What to do: From the material below, retype exactly the lines that begin at the line with "This spacious, air-conditioned" and end after the line with "雪が沢山ふっていますが、みんな乗りたい乗り物には乗れました。"; pictures stay out of the copy.

Input:

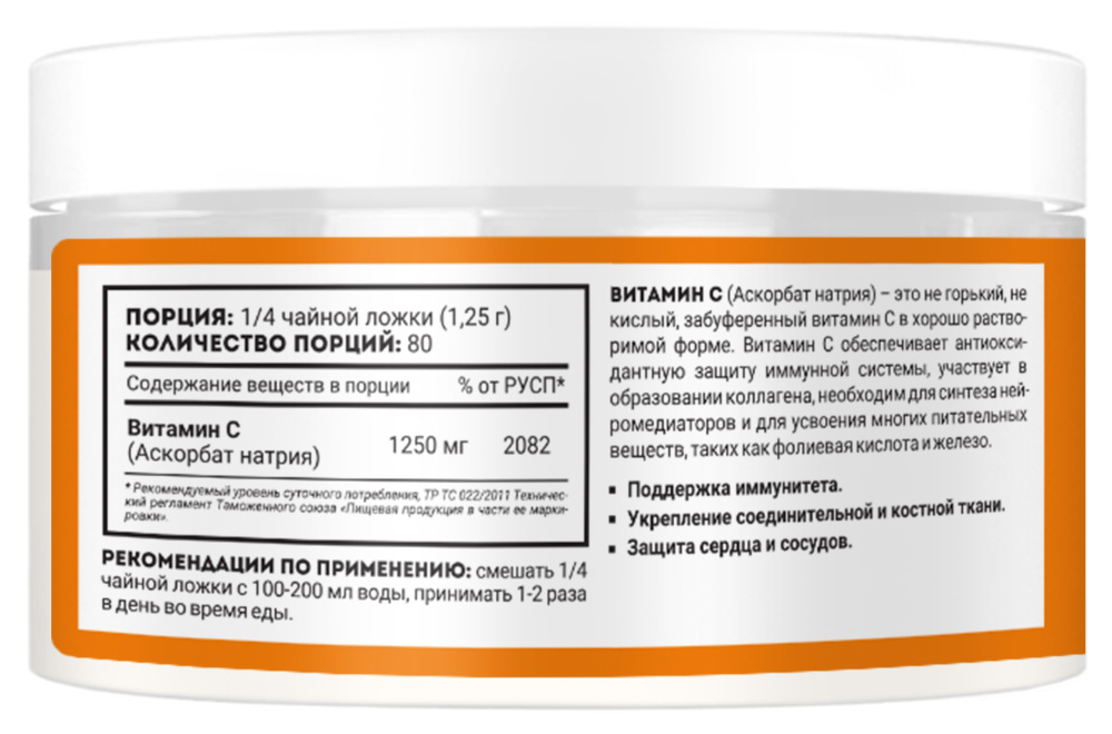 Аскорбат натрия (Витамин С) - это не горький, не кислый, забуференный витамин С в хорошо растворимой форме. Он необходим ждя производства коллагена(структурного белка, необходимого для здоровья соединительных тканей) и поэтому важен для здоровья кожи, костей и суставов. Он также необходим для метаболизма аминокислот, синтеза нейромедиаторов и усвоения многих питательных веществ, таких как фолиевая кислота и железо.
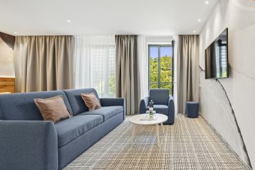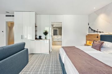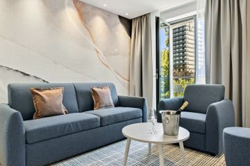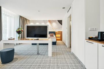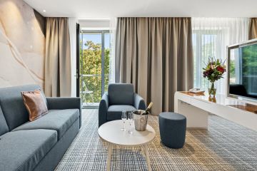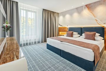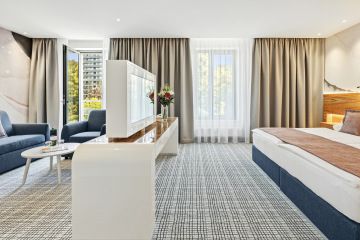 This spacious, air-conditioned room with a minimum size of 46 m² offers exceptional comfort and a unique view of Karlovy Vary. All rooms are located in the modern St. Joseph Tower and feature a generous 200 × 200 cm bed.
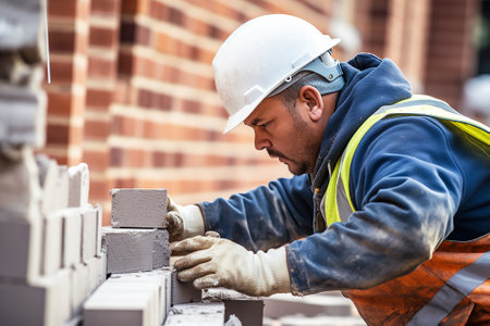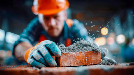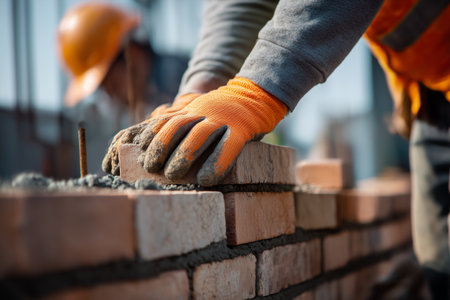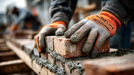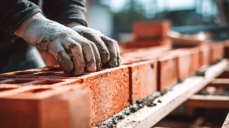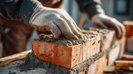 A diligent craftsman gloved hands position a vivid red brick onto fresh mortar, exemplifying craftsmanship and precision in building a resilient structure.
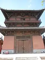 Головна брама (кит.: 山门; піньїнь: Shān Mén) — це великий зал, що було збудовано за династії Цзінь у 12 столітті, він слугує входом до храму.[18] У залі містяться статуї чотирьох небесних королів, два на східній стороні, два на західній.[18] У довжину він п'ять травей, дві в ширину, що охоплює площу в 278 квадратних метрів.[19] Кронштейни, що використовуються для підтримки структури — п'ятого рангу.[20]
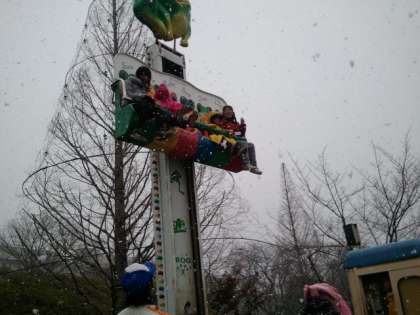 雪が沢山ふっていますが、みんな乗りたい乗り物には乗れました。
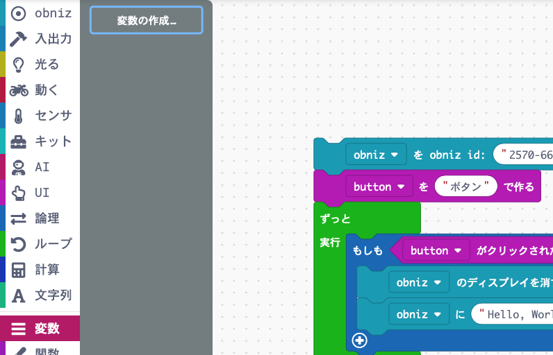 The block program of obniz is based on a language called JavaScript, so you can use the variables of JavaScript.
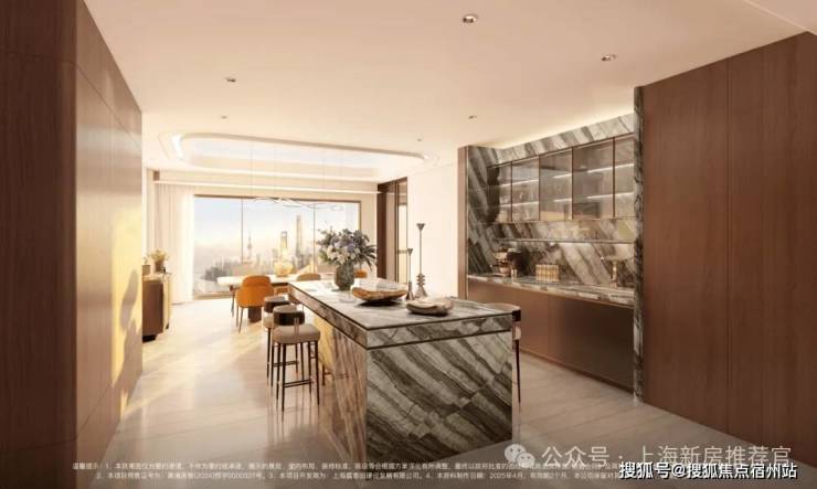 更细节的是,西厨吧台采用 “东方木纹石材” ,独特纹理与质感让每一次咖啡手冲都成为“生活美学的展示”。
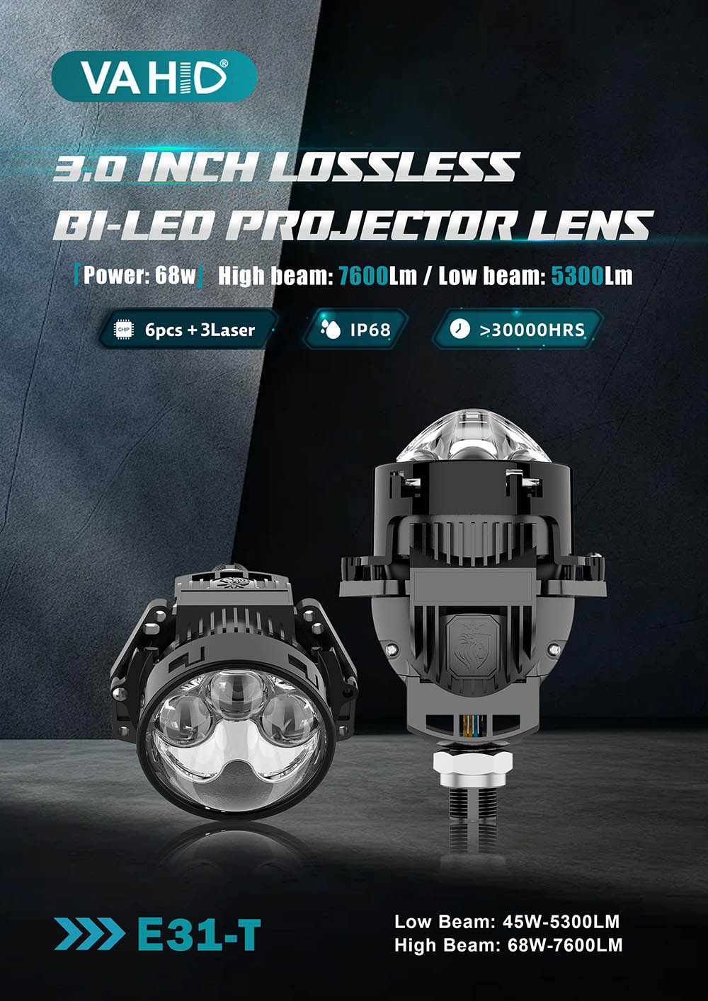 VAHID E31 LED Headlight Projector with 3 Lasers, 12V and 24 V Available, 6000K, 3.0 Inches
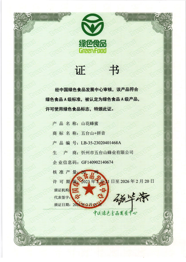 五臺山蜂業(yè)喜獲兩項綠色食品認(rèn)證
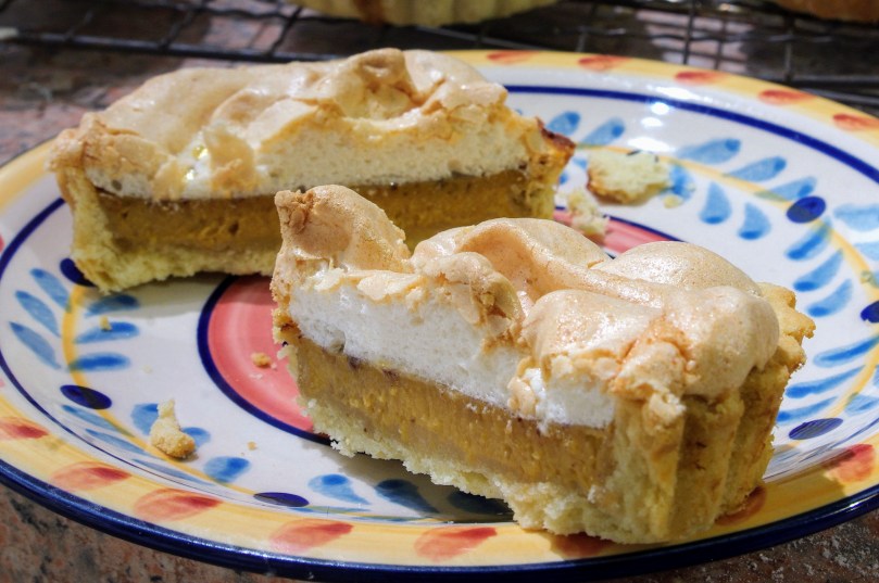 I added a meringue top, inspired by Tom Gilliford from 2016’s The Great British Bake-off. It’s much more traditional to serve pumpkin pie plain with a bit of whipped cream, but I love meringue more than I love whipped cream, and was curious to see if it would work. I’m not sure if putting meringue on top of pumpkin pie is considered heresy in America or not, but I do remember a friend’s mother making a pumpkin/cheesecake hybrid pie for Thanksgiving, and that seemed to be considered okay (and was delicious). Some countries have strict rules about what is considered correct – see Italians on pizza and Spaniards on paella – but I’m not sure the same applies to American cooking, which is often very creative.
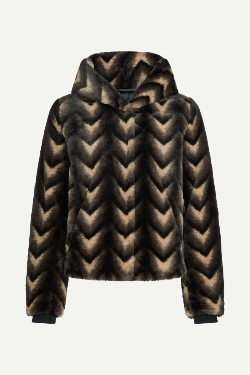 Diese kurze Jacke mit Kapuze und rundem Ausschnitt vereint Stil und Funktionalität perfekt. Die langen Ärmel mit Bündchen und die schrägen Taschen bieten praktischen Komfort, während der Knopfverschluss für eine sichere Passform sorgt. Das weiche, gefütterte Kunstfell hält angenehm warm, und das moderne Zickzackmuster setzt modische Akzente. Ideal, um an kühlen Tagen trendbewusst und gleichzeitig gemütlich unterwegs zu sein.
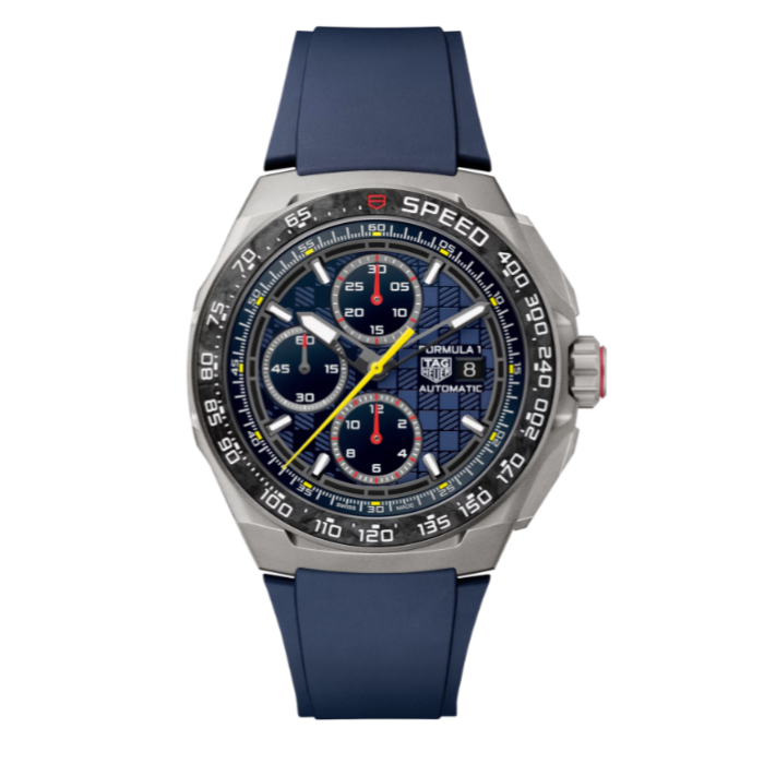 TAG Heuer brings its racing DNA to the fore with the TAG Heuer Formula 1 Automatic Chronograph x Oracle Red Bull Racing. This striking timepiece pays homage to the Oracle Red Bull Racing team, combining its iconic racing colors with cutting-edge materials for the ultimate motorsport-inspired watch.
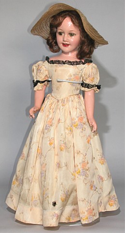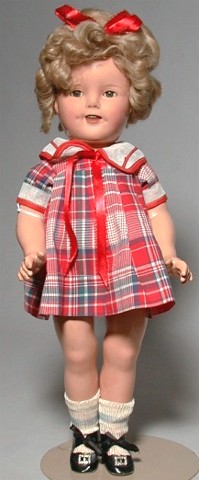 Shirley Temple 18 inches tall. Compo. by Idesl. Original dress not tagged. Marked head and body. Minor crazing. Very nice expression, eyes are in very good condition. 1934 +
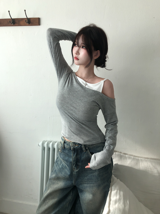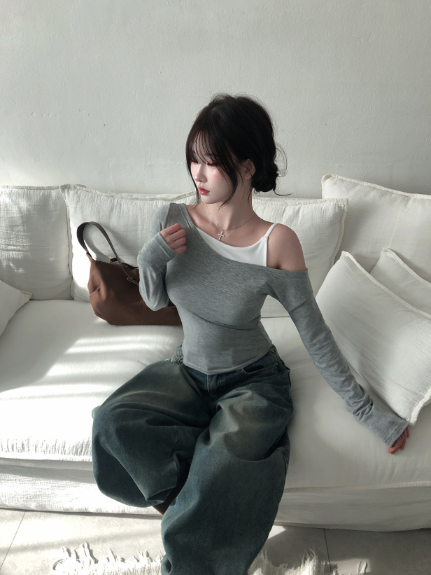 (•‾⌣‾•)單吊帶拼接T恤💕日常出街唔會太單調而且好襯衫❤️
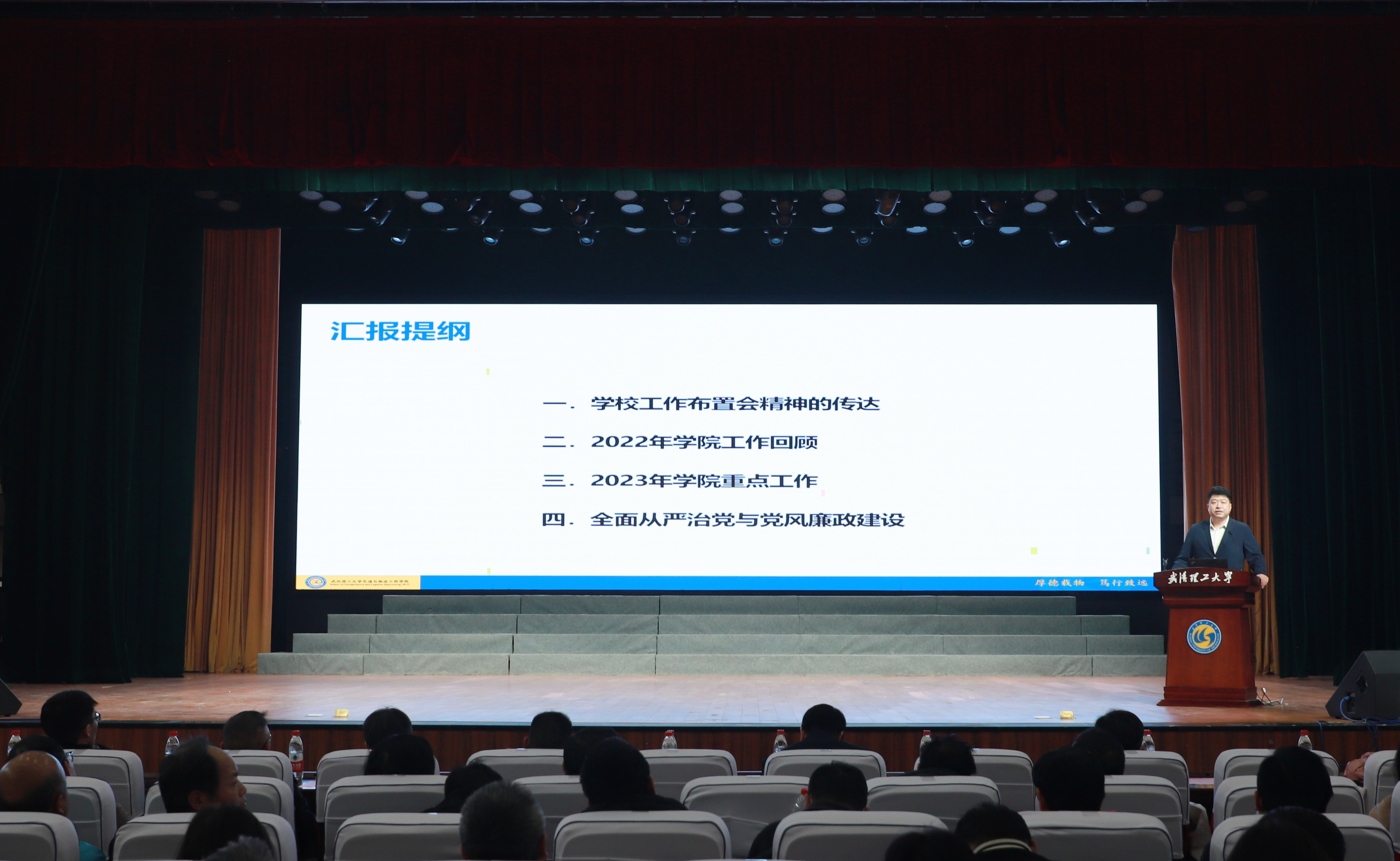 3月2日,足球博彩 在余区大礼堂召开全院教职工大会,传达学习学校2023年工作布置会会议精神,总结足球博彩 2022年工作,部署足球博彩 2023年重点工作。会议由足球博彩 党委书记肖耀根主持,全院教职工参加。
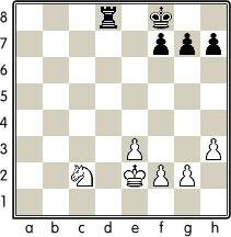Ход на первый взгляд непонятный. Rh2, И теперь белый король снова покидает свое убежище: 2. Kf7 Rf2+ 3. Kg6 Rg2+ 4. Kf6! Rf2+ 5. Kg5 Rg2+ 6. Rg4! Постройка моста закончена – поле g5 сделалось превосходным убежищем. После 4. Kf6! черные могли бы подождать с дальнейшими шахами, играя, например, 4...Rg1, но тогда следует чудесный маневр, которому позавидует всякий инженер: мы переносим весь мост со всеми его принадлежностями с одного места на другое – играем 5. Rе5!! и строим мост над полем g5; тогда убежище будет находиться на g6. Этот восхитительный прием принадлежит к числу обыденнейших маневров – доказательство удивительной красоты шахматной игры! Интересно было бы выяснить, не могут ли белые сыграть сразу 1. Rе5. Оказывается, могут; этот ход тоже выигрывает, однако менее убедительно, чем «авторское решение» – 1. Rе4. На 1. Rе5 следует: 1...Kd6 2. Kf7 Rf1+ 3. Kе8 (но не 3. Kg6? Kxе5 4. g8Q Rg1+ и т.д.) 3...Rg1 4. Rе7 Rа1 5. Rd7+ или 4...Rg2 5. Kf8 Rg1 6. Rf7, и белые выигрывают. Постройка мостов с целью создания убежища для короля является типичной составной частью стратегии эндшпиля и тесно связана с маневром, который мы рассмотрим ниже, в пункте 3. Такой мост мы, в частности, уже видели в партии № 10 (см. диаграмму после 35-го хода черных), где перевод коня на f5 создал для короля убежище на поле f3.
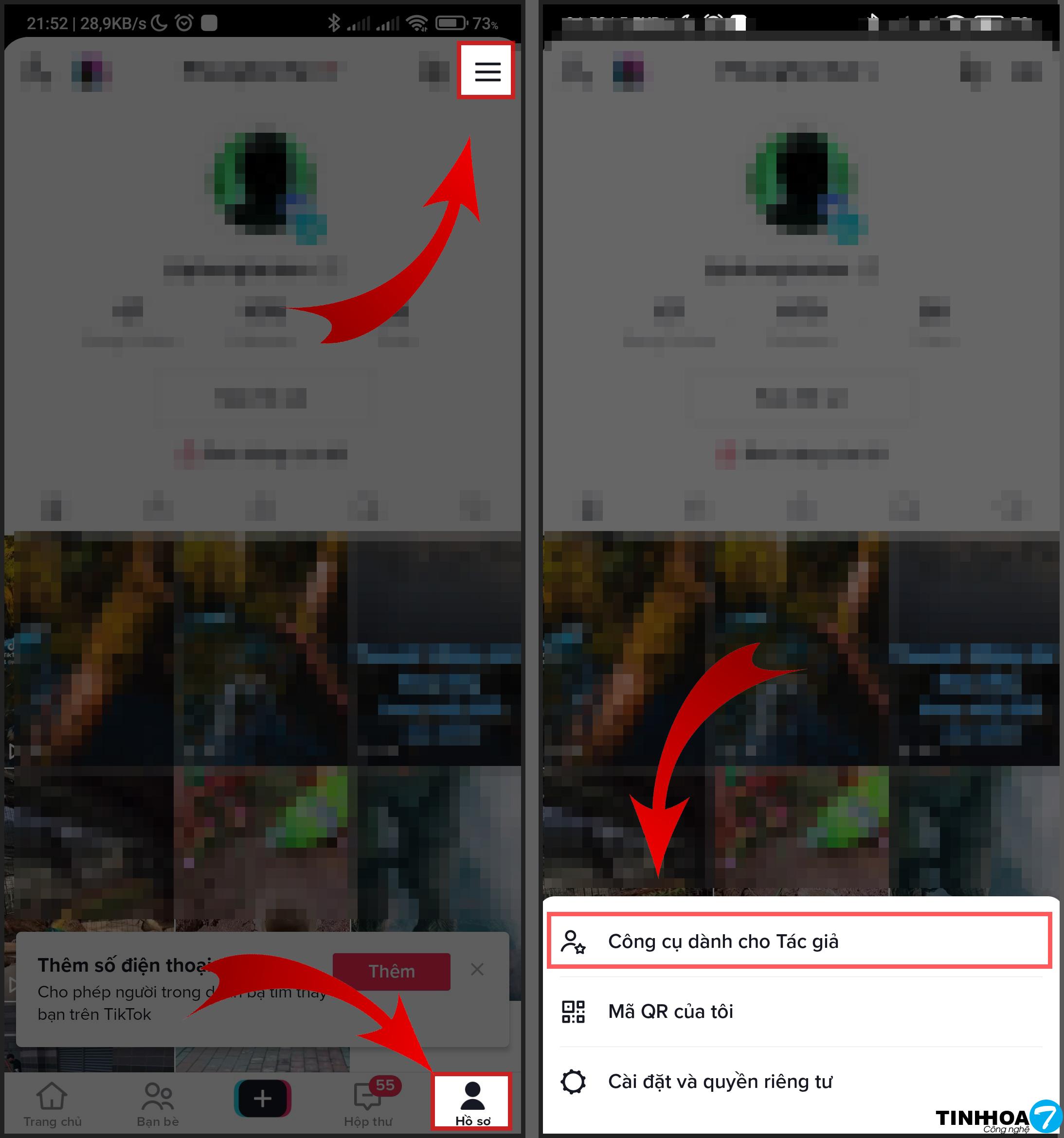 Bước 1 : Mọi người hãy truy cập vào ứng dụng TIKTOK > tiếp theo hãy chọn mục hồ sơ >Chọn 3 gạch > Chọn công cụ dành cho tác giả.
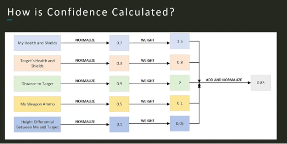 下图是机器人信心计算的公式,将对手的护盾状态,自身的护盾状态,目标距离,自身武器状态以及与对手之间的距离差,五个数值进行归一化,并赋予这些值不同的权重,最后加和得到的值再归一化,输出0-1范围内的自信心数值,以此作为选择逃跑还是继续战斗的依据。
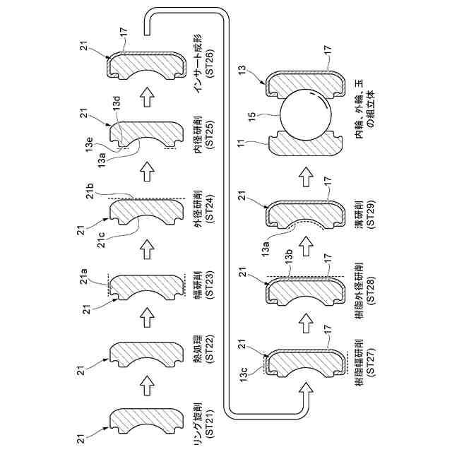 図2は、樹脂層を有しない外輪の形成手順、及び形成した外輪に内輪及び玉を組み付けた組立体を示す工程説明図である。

Solution:
 This spacious, air-conditioned room with a minimum size of 46 m² offers exceptional comfort and a unique view of Karlovy Vary. All rooms are located in the modern St. Joseph Tower and feature a generous 200 × 200 cm bed.
 A diligent craftsman gloved hands position a vivid red brick onto fresh mortar, exemplifying craftsmanship and precision in building a resilient structure.
 Головна брама (кит.: 山门; піньїнь: Shān Mén) — це великий зал, що було збудовано за династії Цзінь у 12 столітті, він слугує входом до храму.[18] У залі містяться статуї чотирьох небесних королів, два на східній стороні, два на західній.[18] У довжину він п'ять травей, дві в ширину, що охоплює площу в 278 квадратних метрів.[19] Кронштейни, що використовуються для підтримки структури — п'ятого рангу.[20]
 雪が沢山ふっていますが、みんな乗りたい乗り物には乗れました。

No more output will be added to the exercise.